Among much else, Trinidadians and Tobagonians of African heritage should today stand proud of having come through that century and three-quarter passage free of the physical shackles of slavery and playing a significant role in shaping a society in which such degrading and humiliating subjugation can no longer be contemplated.
More than that, people of African ancestry can claim to have largely restarted the process of developing a civilisation in the New World under different conditions—conditions which recognise them and all others as fully human and therefore entitled to respect and self-respect, whatever their ethnic and cultural origins.

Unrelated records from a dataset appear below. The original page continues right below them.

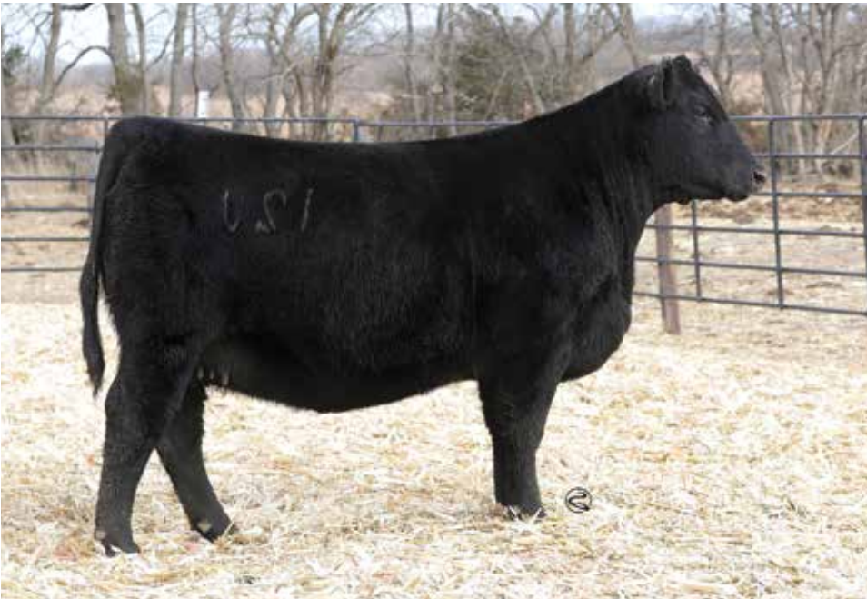
LOT 108 | SJF JAYDEN
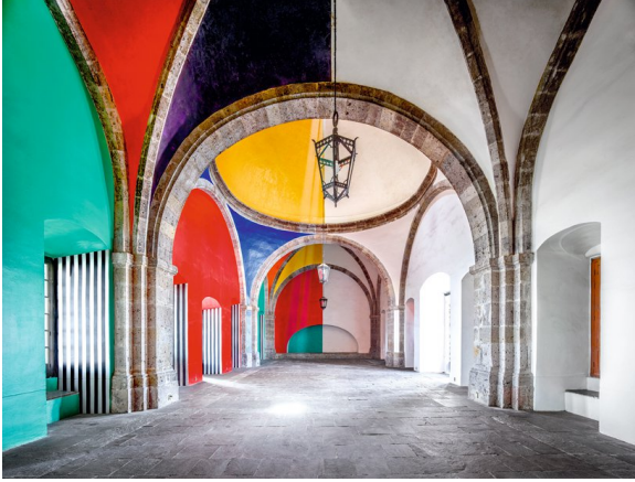
hospicio cabañas capilla tolsá from daniel buren work in situ guadalajara I, 2015
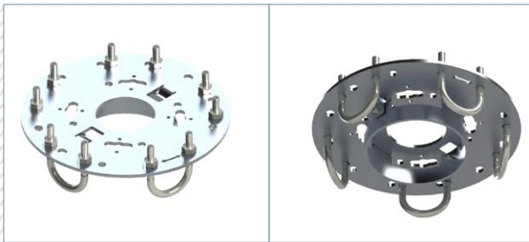
FUA001 FOR FLAT OR SLIGHTLY TAPERED HANDWHEELS (<30°)

These drive plate adaptors can be used directly on a banjo head . To use them with a straight or right angle head , you need to use the KPA004 interface (see technical sheet 11). They can also be used with extension bars using the interface TTA (see technical sheet 12).
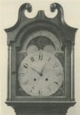
Porte Crayon's clock, see story, page 1.

camp, agricultural work, individual and group portraits, landscapes, and house exteriors and interiors. There are also labels without associated photographs. The majority of photographs are not identified. Also includes original containers of photographs (which were originally commercial packaging for Kodak sensitized paper).
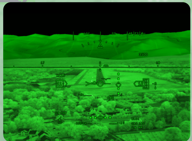
Combined EVS and SVS
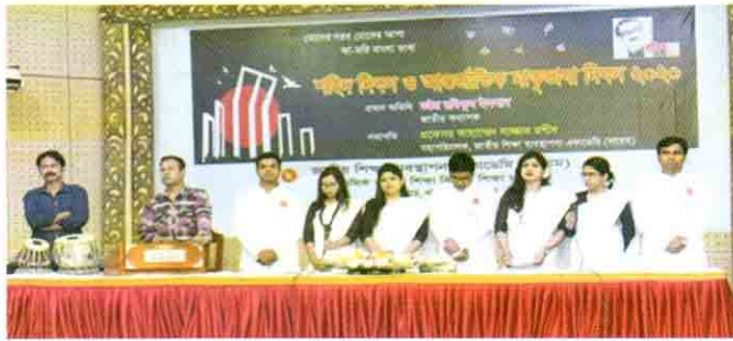
The participants of 157 th FTC attending cultural events on the occasion of Shahid Dibas and International Mother Language Day
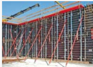
Alisply Wall Solutions
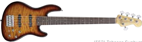
(552) Tobacco Sunburst

Five-star five string! The gorgeous Jazz Bass 24 V is an upgraded five-string version of our wildly popular Jazz Bass 24 guitar, with the eye-popping quilted maple top, abalone dot inlays, high-mass bridge and Seymour Duncan® Basslines™ pickups with a switchable onboard passive/active circuit for added versatility. Available in Tobacco Sunburst (552).
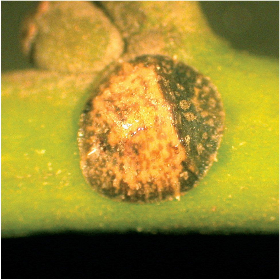
Figure 1. Pulvinaria citricola (Kuwana, 1909), a pre-oviposition adult female on Ilex integra .

3.5–7.0 mm wide, consisting of a compact group of 2–11 pores anterior to anal plates. Dorsal tubular ducts absent. Dorsal microductules frequent throughout. Dorsal tubercles absent. Anal plates posteriorly elongated; each plate with posterior margin about two times as long as anterior margin, each with 3 fine apical setae and a discal seta; length of plates 214–249 \mu\text{m} ; width of single plate 85–122 \mu\text{m} ; each plate with well-developed supporting bars. Ano-genital fold with 2 pairs of setae along anterior margin and 1 or 2 pairs laterally. Anal ring with 6–8 setae (mostly 8). Eyespot present near margin
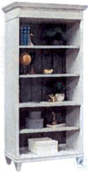
Hartford White Open Bookcase
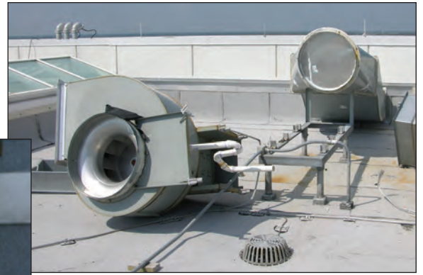
Figure 8. The equipment on this stand was resting on vibration isolators that provided lateral resistance but no uplift resistance (above). A damaged vibration isolator is shown in the inset (left).
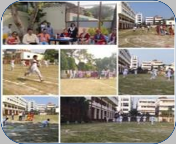
Day 9, Nov 11
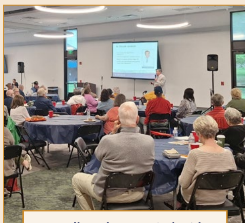
Doc Talk at the new Oak Ridge Conference Center Oak Ridge, TN
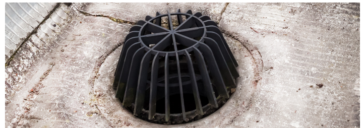
Keeping roof drains clear of debris (shown above) allows for proper drainage during severe winter weather, preventing water damage.
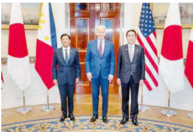
Philippine President Ferdinand R. Marcos Jr., United States President Joe Biden and Japanese Prime Minister Fumio Kishida (from left)

He noted that the US and Japan committed to continue their support for Philippine defense modernization priorities and upgrading the capa-
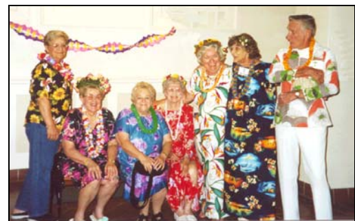
Clemens Manor tenants gather for Hawaiian potluck September 2001.
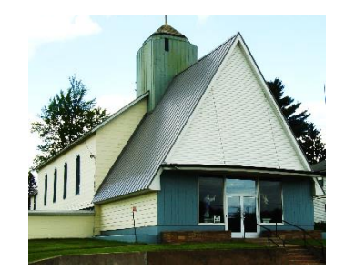
Sacred Heart of Jesus

W778 County Road N Aurora, WI 54151 P.O. Box 235 St. Anthony office hours 9am-12noon on Thursday
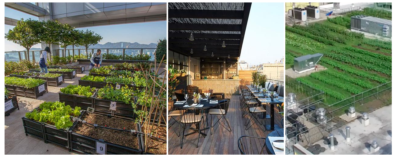
Sample Images Rooftop Food Production & Private Tasting
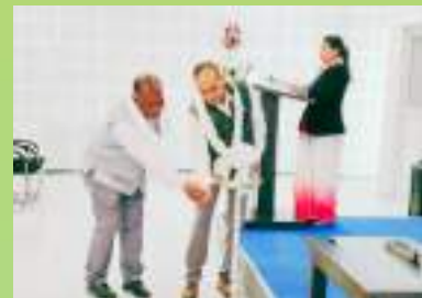
Diya lighting (Pradeep Prajjwalan) in Foundation Day
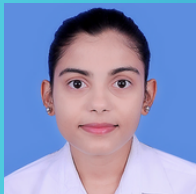
K YAMINI TECH- PROD. PLNG
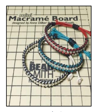
Macramé 101 Stackable Bracelets
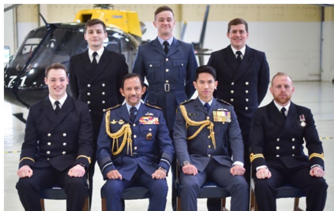
His Majesty in a group photo with His Royal Highness Captain Prince 'Abdul Mateen and other course participants.
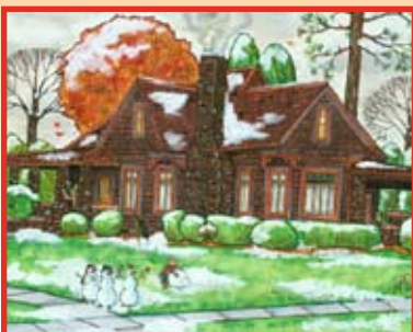
Making Snowmen at the Marks House
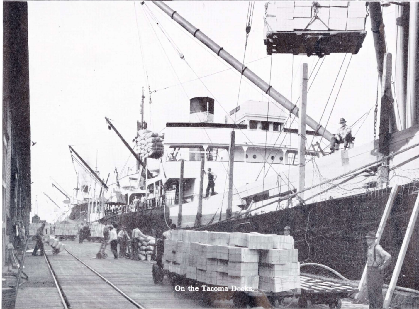
On the Tacoma Docks.

In that context therefore, while the Emancipation Proclamation, which was remembered this morning, freed the African from being hogtied to compulsory and unrewarded labour on the plantation, it also had lessons for the French-Creole planter-class, for the British administrators and the coloureds who were left to exist one notch above the slaves.
While it undoubtedly took generations for the consciousness to become real to those who felt they had lost “property” through Emancipation, the message has certainly been brought home over the century and more that those who hold others in bondage can themselves never be free. For many it has been a hard lesson to learn to live without the advantage and deference which they once took as a god-given right; but they have come around to a new appreciation of humanity.
Today, though with many shortcomings, Trinidad and Tobago and the Caribbean have progressed as a civilisation in the formation only because Emancipation has meaning for everyone, regardless of their ethnicity and social-class status. For instance, not only is there an understanding of the essential humanity of all peoples, a humanity not open to compromise, but it is also recognised as a first principle of business, commerce and macro-economic development that competition for labour and the other factors of production is the only viable option in a free society.
People of African heritage, indubitably wronged by the savagery of the Middle Passage, the slave trade and the plantation experience, must emancipate themselves from the psychological chains that bind and demand their position in the society—second to none, and grudging of no one.
The period since 1834 and the present is but a day in the long span of history, but it is sufficient time for the African-descended population to be able to link with all others in the society to build a place in which all can be proud.
And indeed, the co-operation, the living together, the continuing development of respect one group for another and the harmonious working together for the benefit of all have been taking place for many generations. Unfortunately, however, politicians, anxious to mobilise an electoral base for their parties, prey on people’s natural human vulnerabilities and so disrupt a building harmony.
That harmony is no doubt far from being perfect, as there is acknowledged conflict along the lines of race, one group anxious not to be left behind while the other is seen to advance; but there have been no outbreaks of physical conflict, and there is an understanding that this society and all its peoples can only advance when there is an understanding and sharing in Emancipation.